This invention relates generally to coherent adaptive optical systems and more particularly to such systems wherein a first electro-magnetic beam measures phase characteristics or optical path differences of a propagation path and said measured characteristics are used to compensate a second electro-magnetic beam.
My U.S. Pat. No. 3,731,103 discloses a laser system wherein adaptive phase control is used to establish an in-phase condition for transmitted energy at a remotely located target. In accordance with one embodiment of the invention of said patent, a plurality of subaperture areas of the transmitted beam are phase modulated at distinctive modulation (tagging or dither) frequencies. Due to interaction of the energy from the various subapertures, amplitude modulation components at the tagging frequencies in the received energy are indicative of phase distortions across the beam. The system adjusts the relative phase of the subaperture transmission channels to minimize the modulation components in the received energy and thereby establishes an in-phase condition, at the target, of the energy across the transmitted beam.

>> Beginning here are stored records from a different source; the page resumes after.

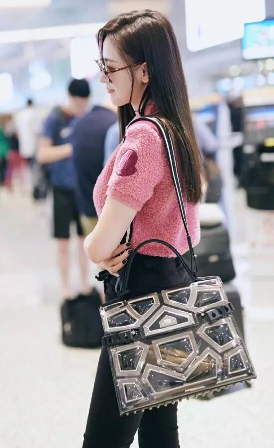 张天爱穿着一件粉红色的上衣,搭配一件黑色的修身长裤,这件修身的长裤很显身材,高腰的设计轻松地拉长了腿部曲线。张天爱背着一个宽大的包包,因为包包的版型很巨大,所以将她的身躯显得很娇小,让整个人看起来娇俏可人。
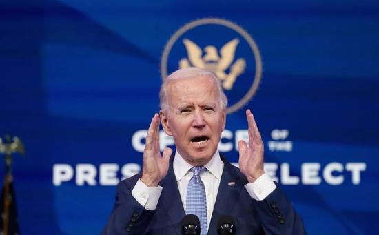 当地时间1月6日,美国当选总统拜登发表讲话,呼吁停止暴力活动。图源:澎湃影像平台
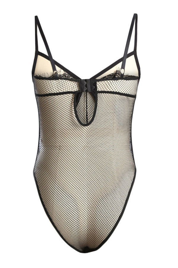 Black Sheer Eyelash Lace Teddy Bodysuit
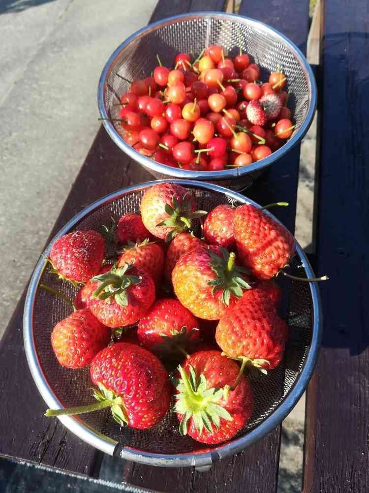 昨日に続いてサクランボがたくさん獲れました。イチゴは10日ぐらい前から毎日食卓を賑わせてくれています。
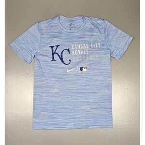The product is a Nike Kansas City Royals T-Shirt for men in size small. It is a blue heather color with a short sleeve design and made with Dri-Fit material for moisture-wicking comfort. This shirt is an official fan apparel for the Major League Baseball team, the Kansas City Royals, making it a stylish and functional choice for any baseball fan looking to support their favorite team in style.
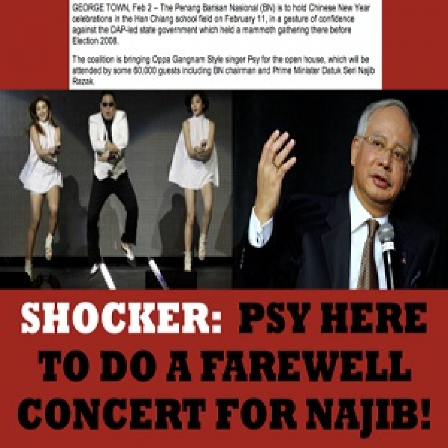 RM2 juta dibayar kepada PSY, penyanyi lagu Gangnam Style dari Korea utk rumah terbuka raya Cina BN bersama Najib di Pulau Pinang.
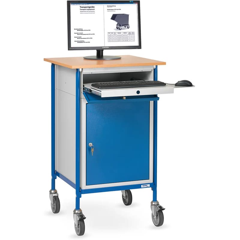 Charge 150 kg, dimensions utiles 650 x 650 mm avec placard et tiroir porte clavier et tapis de souris.
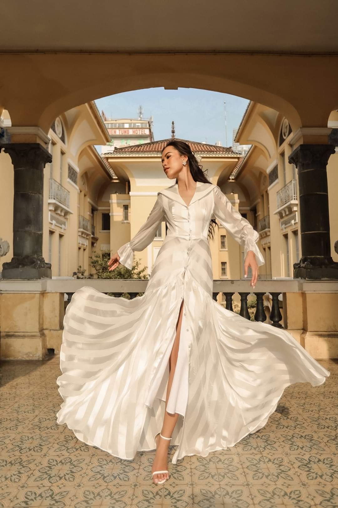 Sublimez votre garde-robe avec cette robe longue en soie signée Sarah Luton, confectionnée dans un tissage délicatement rayé qui reflète la lumière à chaque mouvement. Dotée d'un col marin et d'une fermeture boutonnée sur le devant, elle structure subtilement une silhouette fluide et féminine. Les manches longues sont froncées aux poignets pour plus de volume, tandis que l'ourlet évasé et la fente haute apportent grâce et élégance. Qu'elle soit portée pour des événements formels ou pour une soirée chic, cette robe en soie incarne la sophistication raffinée et le luxe polyvalent.
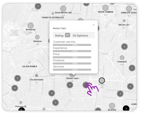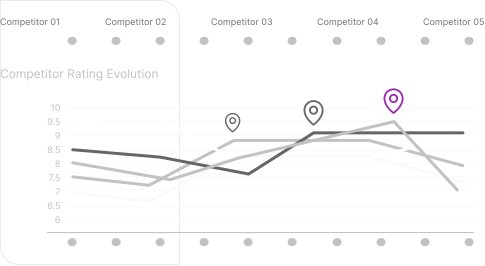 Discover where you rank and why. Track your brand’s evolution over time and identify which aspects customers discuss most about your competitors.
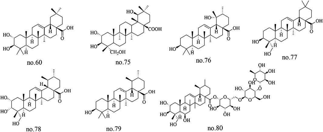 Terpenoids represent a major class of natural products in Staphylea arguta, with structural diversity primarily encompassing triterpenes and their derivatives. Among the identified terpenoids, several triterpenic metabolites have been isolated and characterized, including corosolic acid-28-O-β-D-glucopyranoside ester (no.56), 2α-peroxyhydroxy ursolic acid (no.60), pomolic acid (no.76), 23-hydroxyoleanolic acid (no.77), 2α,3α,23-trihydroxy ursolic acid (no.78), ursolic acid (no.79), and asiaticoside A (no.80) (Ma et al., 2013; Wu et al., 2012; Kuang et al., 2019). Additionally, 2α,3β,19β-23-tetrahydroxyolean-12-en-28-oic acid (no.75) were identified from Staphylea arguta (Huang et al., 2012). The structures of some metabolites are shown in Figure 3.

The adaptive array system disclosed in my U.S. Pat. No. 3,764,213 spatially modulates a received beam by phase modulating subaperture segments of the received beam at respective modulation (tagging) frequencies. The resultant signal is applied through the aperture of an image stop structure to a detector and the detector's output contains modulation components at the tagging frequencies of the respective subapertures. The degree of modulation at a given tagging frequency is indicative of the phase imbalance associated with the respective subaperture channel. By adjusting the relative phasing of the subaperture receiving channels so as to minimize the amplitude modulation components in the detector's output signal, the received beam is adjusted to approach an in-phase condition. The phase adjustment of the subaperture channels, which is set during the received portion of the operation of the system, is held during a subsequent transmission period. In this manner, the transmission beam which time shares the subaperture channels with the receiving beam is compensated so as to deliver in-phase energy to the target.
The subject invention builds upon the technology of my two cited patents so as to produce a new and useful dual-wavelength system that provides the hereinbelow set forth benefits and advantages.